= TO DO =
Below is a listing with pictures in it; transcribe exactly the lines from the one that has "El web coronavirus.vallhebron.com" through the one that has "guia do usuário", and omit those pictures.

*** Opening of MATERIAL SHOWN ***

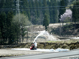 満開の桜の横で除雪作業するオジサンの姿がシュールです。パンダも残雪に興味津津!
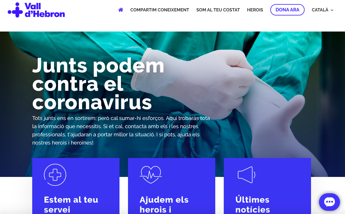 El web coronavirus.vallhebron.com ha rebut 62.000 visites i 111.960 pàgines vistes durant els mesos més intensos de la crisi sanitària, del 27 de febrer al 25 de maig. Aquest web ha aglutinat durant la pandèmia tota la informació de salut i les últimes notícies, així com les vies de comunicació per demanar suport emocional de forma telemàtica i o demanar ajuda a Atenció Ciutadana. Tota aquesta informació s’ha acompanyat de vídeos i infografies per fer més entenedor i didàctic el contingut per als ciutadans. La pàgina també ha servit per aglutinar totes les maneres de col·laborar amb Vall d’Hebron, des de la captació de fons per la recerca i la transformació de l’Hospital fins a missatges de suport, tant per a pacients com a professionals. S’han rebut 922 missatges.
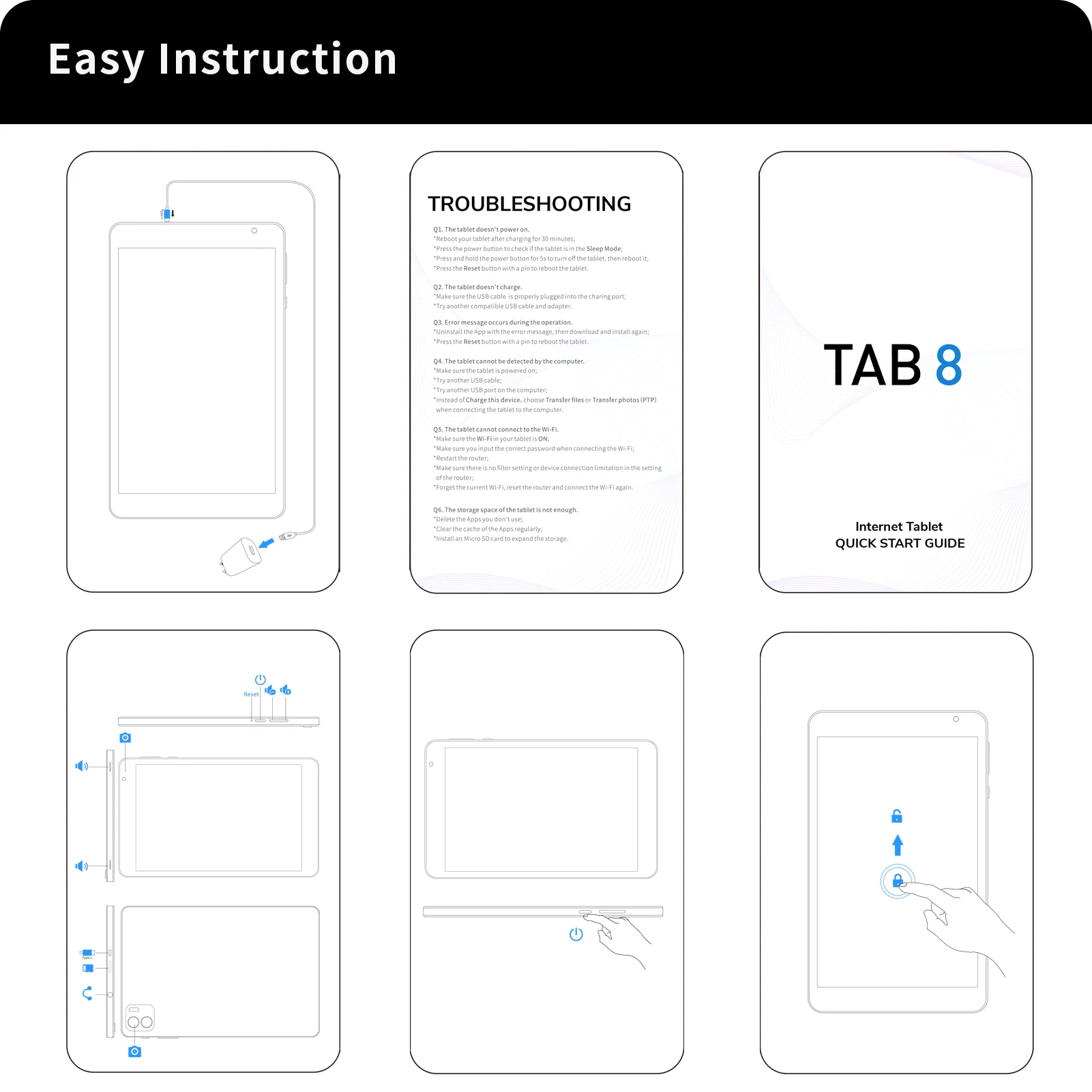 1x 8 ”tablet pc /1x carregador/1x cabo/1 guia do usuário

*** Close of MATERIAL SHOWN ***
*** Opening of MATERIAL SHOWN ***

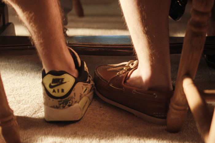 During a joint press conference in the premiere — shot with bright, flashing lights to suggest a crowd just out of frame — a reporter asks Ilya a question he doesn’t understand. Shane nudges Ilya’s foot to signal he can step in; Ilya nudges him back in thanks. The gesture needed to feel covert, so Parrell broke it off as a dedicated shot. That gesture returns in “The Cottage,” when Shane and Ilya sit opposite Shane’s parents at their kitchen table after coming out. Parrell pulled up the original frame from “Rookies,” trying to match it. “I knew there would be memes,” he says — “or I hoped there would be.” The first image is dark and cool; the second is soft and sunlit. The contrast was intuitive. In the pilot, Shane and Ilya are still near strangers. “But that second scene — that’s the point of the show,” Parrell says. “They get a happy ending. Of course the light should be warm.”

*** Close of MATERIAL SHOWN ***

= FINISHED EXERCISE =
 El web coronavirus.vallhebron.com ha rebut 62.000 visites i 111.960 pàgines vistes durant els mesos més intensos de la crisi sanitària, del 27 de febrer al 25 de maig. Aquest web ha aglutinat durant la pandèmia tota la informació de salut i les últimes notícies, així com les vies de comunicació per demanar suport emocional de forma telemàtica i o demanar ajuda a Atenció Ciutadana. Tota aquesta informació s’ha acompanyat de vídeos i infografies per fer més entenedor i didàctic el contingut per als ciutadans. La pàgina també ha servit per aglutinar totes les maneres de col·laborar amb Vall d’Hebron, des de la captació de fons per la recerca i la transformació de l’Hospital fins a missatges de suport, tant per a pacients com a professionals. S’han rebut 922 missatges.
 1x 8 ”tablet pc /1x carregador/1x cabo/1 guia do usuário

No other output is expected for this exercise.